● **Dataset excerpts**:
###

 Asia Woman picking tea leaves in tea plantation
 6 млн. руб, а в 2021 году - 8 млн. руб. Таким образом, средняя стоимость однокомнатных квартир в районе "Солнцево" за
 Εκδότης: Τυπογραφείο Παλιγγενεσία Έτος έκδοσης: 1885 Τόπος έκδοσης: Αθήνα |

###

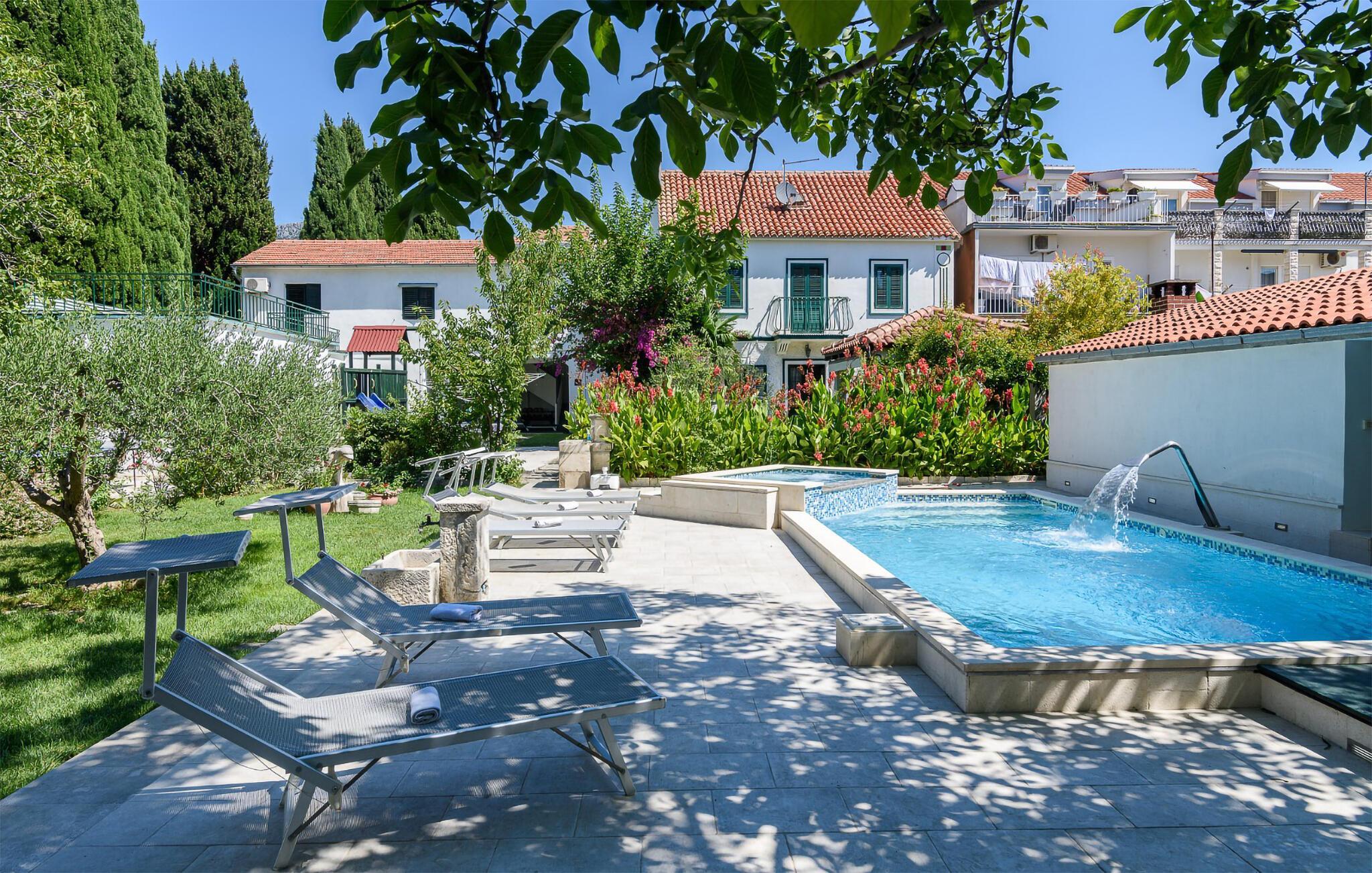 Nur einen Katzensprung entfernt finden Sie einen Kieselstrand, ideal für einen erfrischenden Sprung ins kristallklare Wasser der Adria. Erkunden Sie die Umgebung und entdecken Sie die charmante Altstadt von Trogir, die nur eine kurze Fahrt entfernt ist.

###

● **What needs to be done**:
What is asked for is an exact copy of the lines above from the one containing "6 млн. руб, а" through the one containing "Εκδότης: Τυπογραφείο Παλιγγενεσία", and only those.

● **Written solution**:
 6 млн. руб, а в 2021 году - 8 млн. руб. Таким образом, средняя стоимость однокомнатных квартир в районе "Солнцево" за
 Εκδότης: Τυπογραφείο Παλιγγενεσία Έτος έκδοσης: 1885 Τόπος έκδοσης: Αθήνα |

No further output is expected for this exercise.